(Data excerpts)
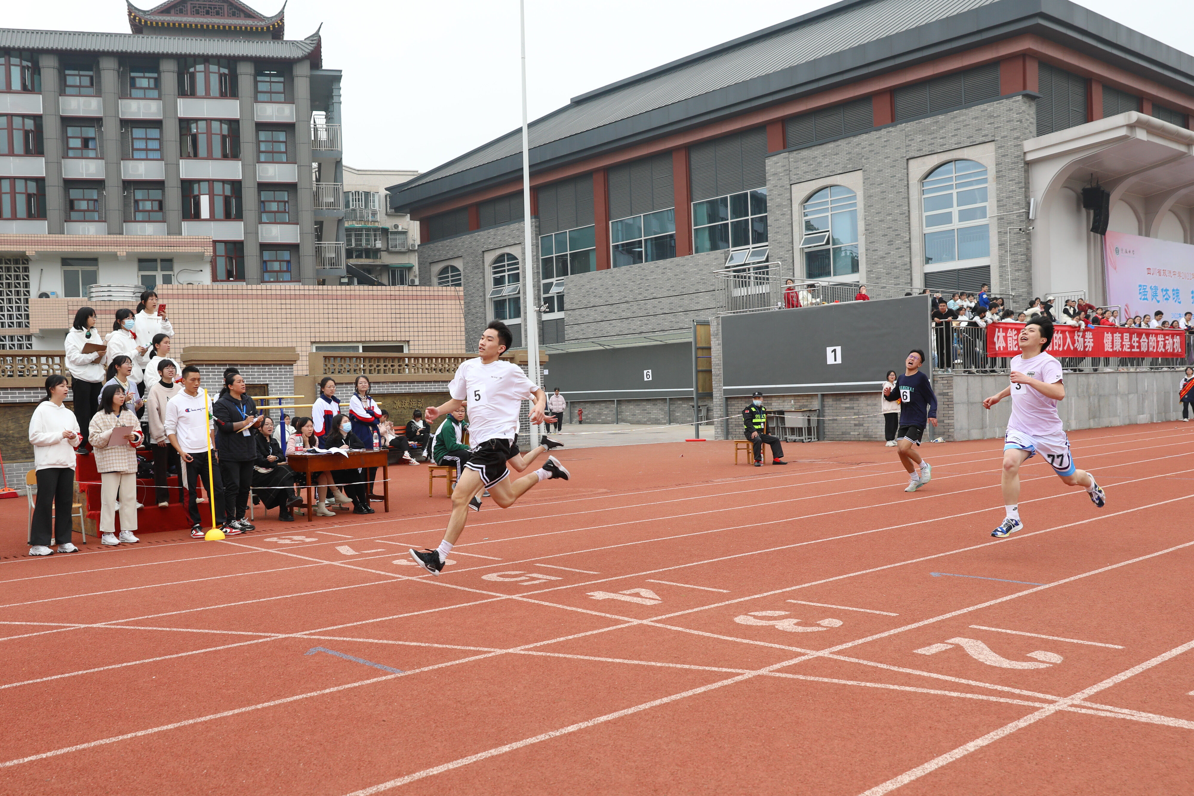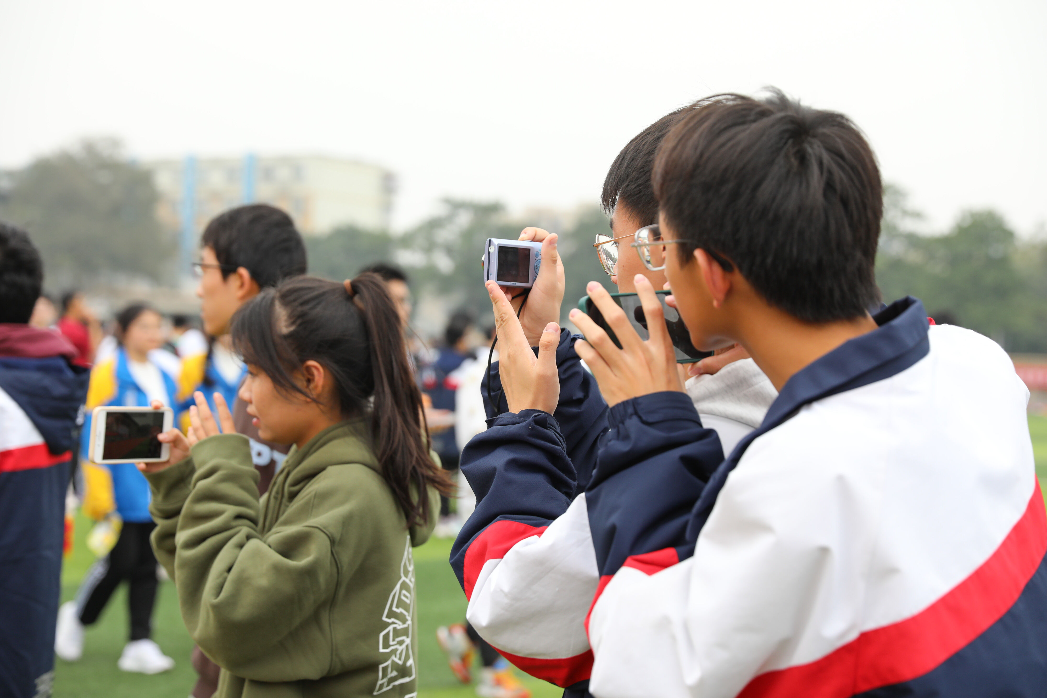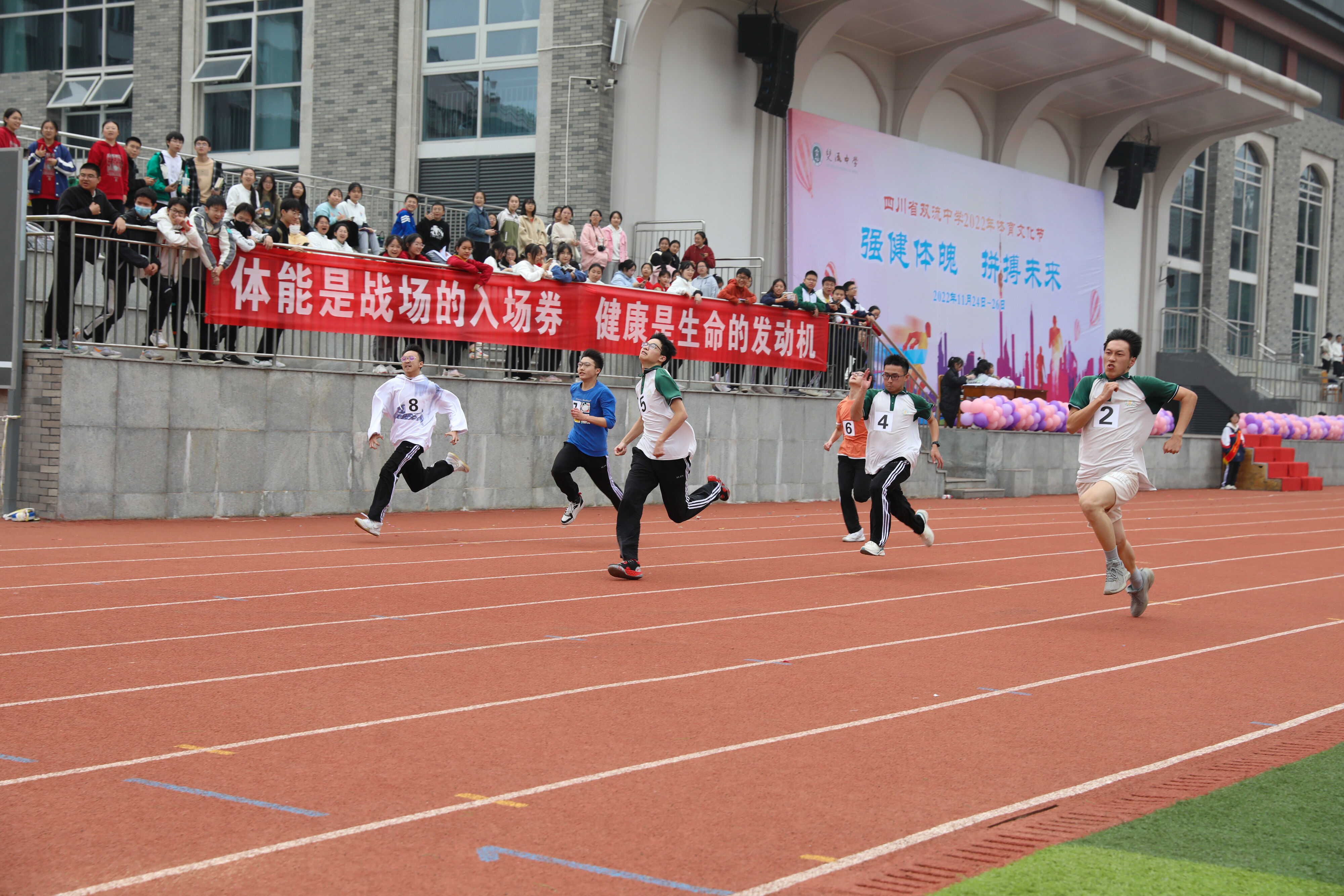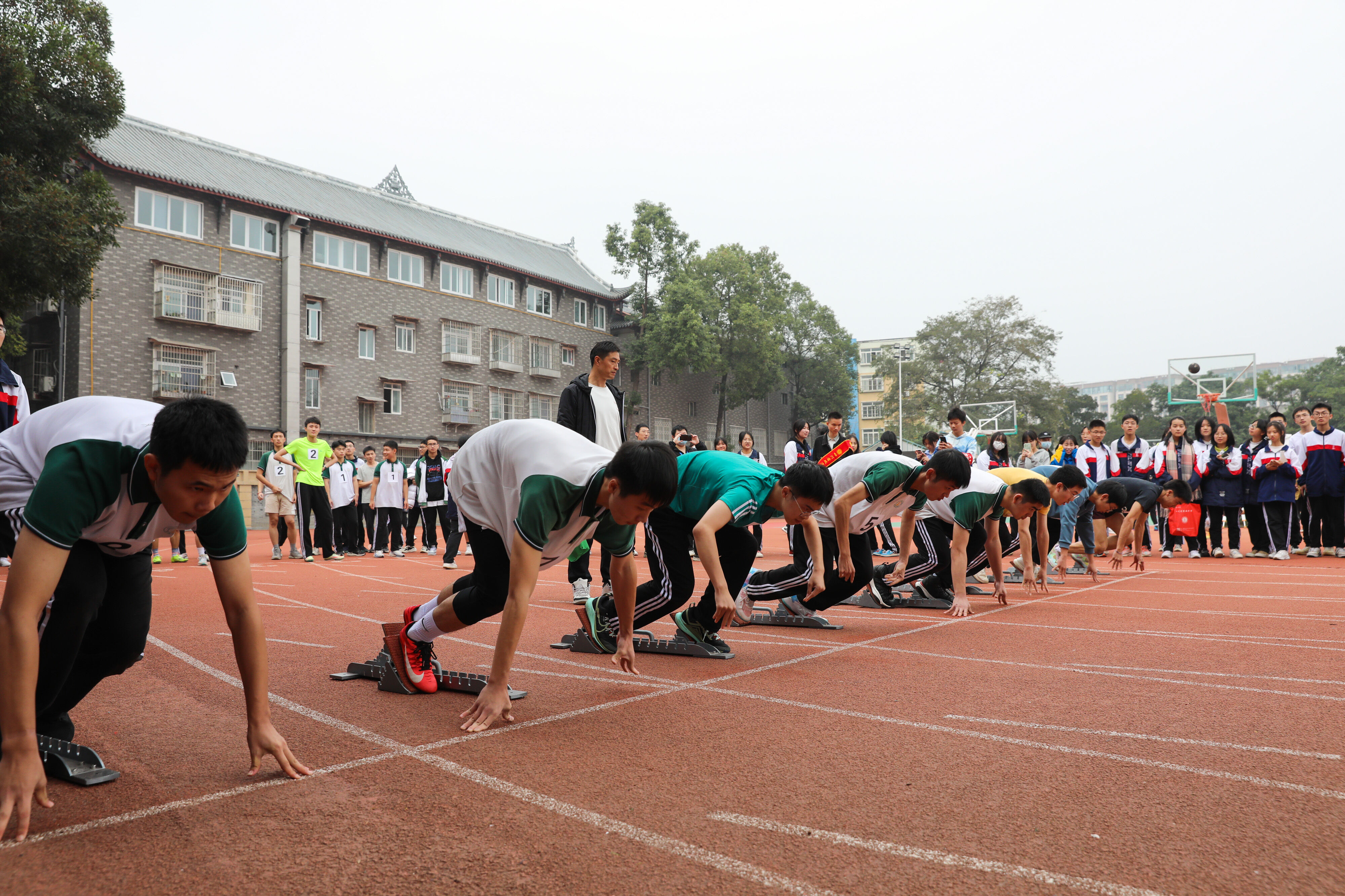 2022年11月25日14:30,高二年級100米小組賽在運動場舉行。圖為 男子100米比賽
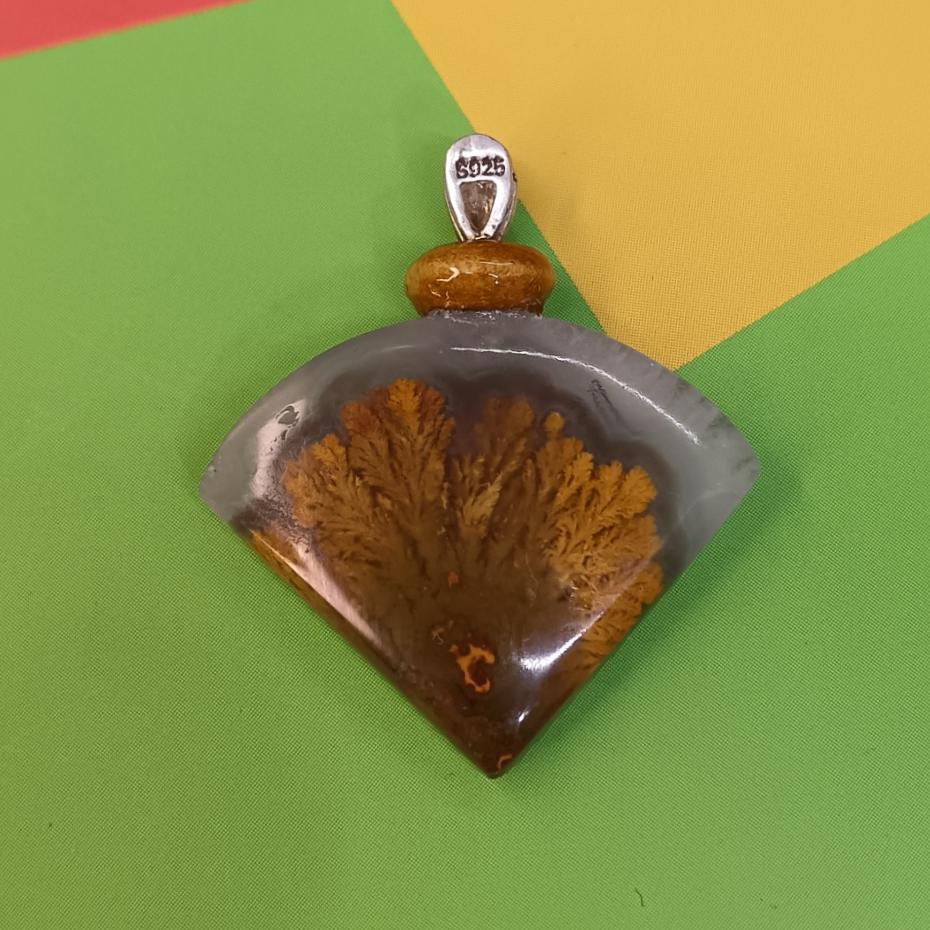 گردن آویز سنگ عقیق شجر گیره نقره
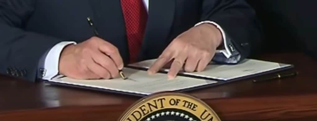 President Donald Trump signs the Tax Cuts and Jobs Act, 2017 (CBS New York/YouTube)
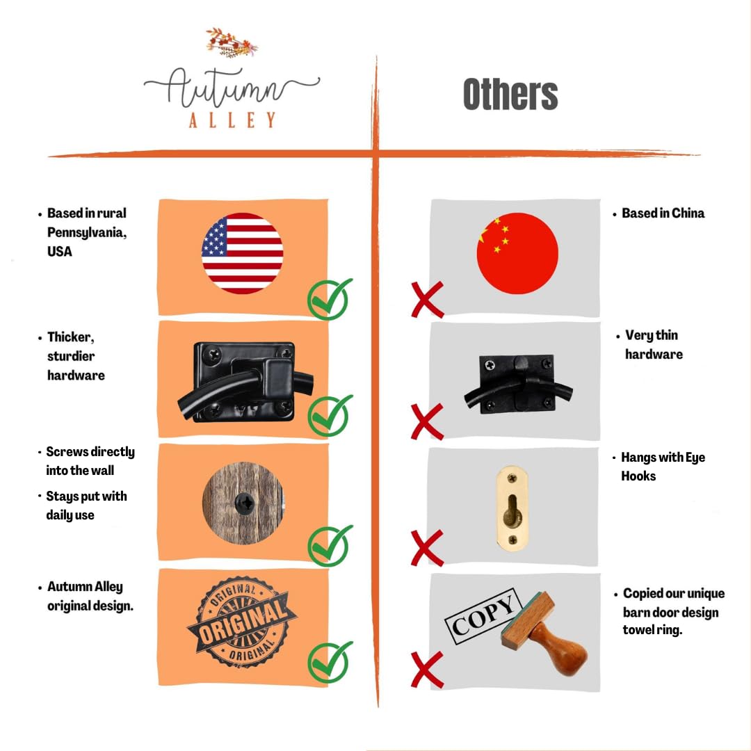 - Quality Materials and Construction - This rustic, barn-style farmhouse towel rack is crafted to last. Autumn Alley farmhouse bathroom accessories are made of solid wood exquisitely balanced with galvanized metal. Perfectly crafted with extraordinary attention to detail.
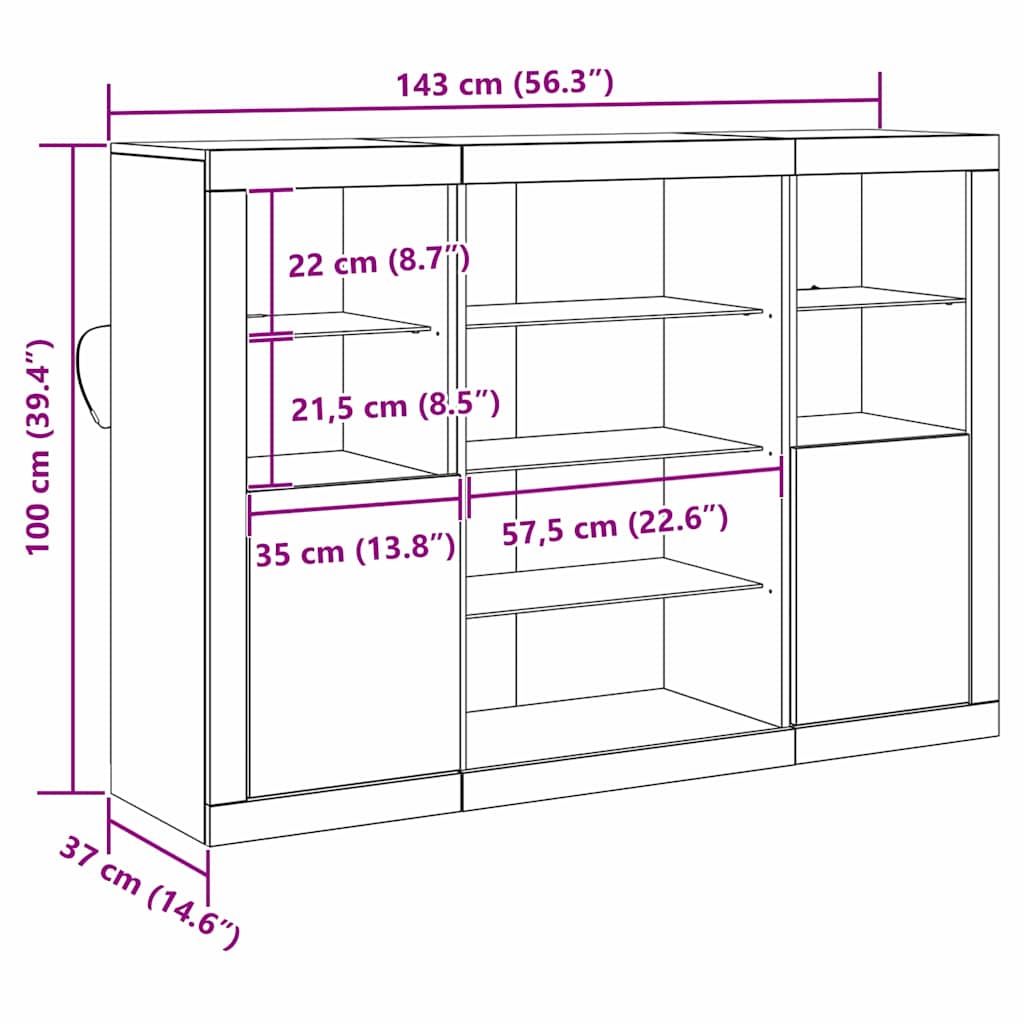 Dit moderne LED-dressoir is een praktische opslagoplossing die elke eigentijdse eetkamer of woonkamer aanvult. Met zijn rechthoekige vorm en slanke look, geeft dit dressoir je huis een boost terwijl het veel opslag biedt. De brede bovenkant en meerdere vakken maken het ideaal om verschillende spullen te ordenen. De RGB LED-strips creëren een unieke sfeer met aanpasbare kleuren die elke kamer oppimpen.
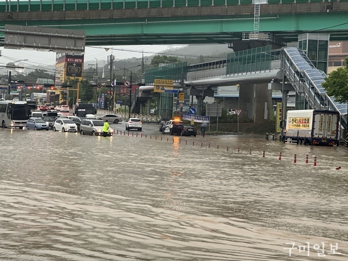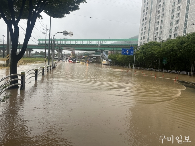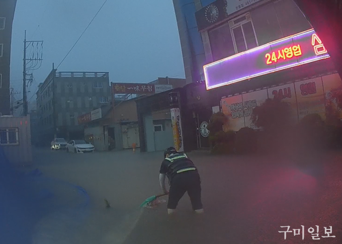 이러한 가운데 같은 날 새벽 5시 28분경부터 구미경찰서 112치안종합상황팀에 “큰 도로와 거리 등이 침수되어 차량 통행이 위험하다”는 등 20건 가량의 신고가 접수됐다.
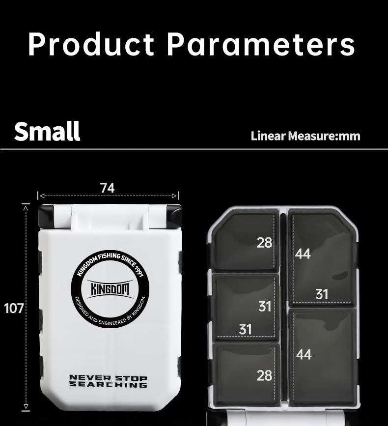 KINGDOM Caja de aparejos de pesca Mini estuche de almacenamiento Cuchara de pesca Gancho Caja de almacenamiento de cebo Caja de aparejos de pesca voladora Accesorios de pesca
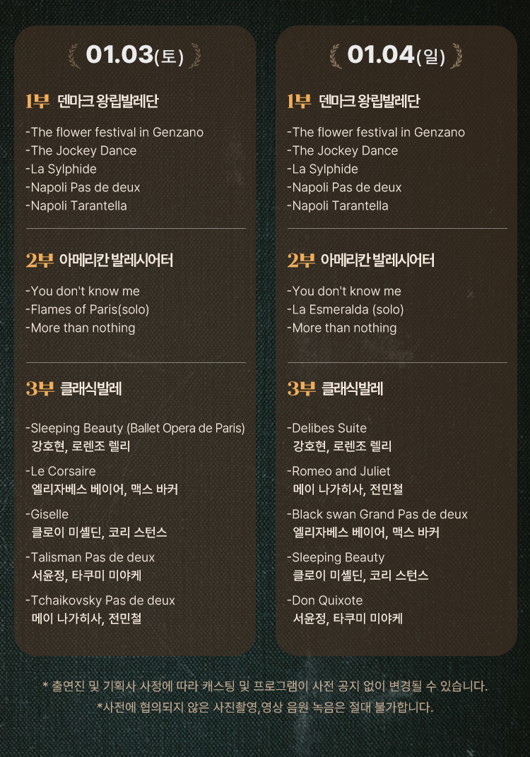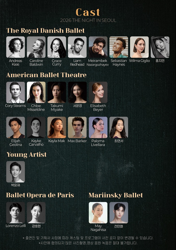 덴마크 왕립발레단, 프랑스 파리오페라 발레단, 러시아 마린스키발레단, 그리고 미국 아메리칸 발레 시어터와 ABT 스튜디오 컴퍼니가 한 무대에 오른다.

Exercise aim
Skip every picture and transcribe the data above exactly.

Reply
 2022年11月25日14:30,高二年級100米小組賽在運動場舉行。圖為 男子100米比賽
 گردن آویز سنگ عقیق شجر گیره نقره
 President Donald Trump signs the Tax Cuts and Jobs Act, 2017 (CBS New York/YouTube)
 - Quality Materials and Construction - This rustic, barn-style farmhouse towel rack is crafted to last. Autumn Alley farmhouse bathroom accessories are made of solid wood exquisitely balanced with galvanized metal. Perfectly crafted with extraordinary attention to detail.
 Dit moderne LED-dressoir is een praktische opslagoplossing die elke eigentijdse eetkamer of woonkamer aanvult. Met zijn rechthoekige vorm en slanke look, geeft dit dressoir je huis een boost terwijl het veel opslag biedt. De brede bovenkant en meerdere vakken maken het ideaal om verschillende spullen te ordenen. De RGB LED-strips creëren een unieke sfeer met aanpasbare kleuren die elke kamer oppimpen.
 이러한 가운데 같은 날 새벽 5시 28분경부터 구미경찰서 112치안종합상황팀에 “큰 도로와 거리 등이 침수되어 차량 통행이 위험하다”는 등 20건 가량의 신고가 접수됐다.
 KINGDOM Caja de aparejos de pesca Mini estuche de almacenamiento Cuchara de pesca Gancho Caja de almacenamiento de cebo Caja de aparejos de pesca voladora Accesorios de pesca
 덴마크 왕립발레단, 프랑스 파리오페라 발레단, 러시아 마린스키발레단, 그리고 미국 아메리칸 발레 시어터와 ABT 스튜디오 컴퍼니가 한 무대에 오른다.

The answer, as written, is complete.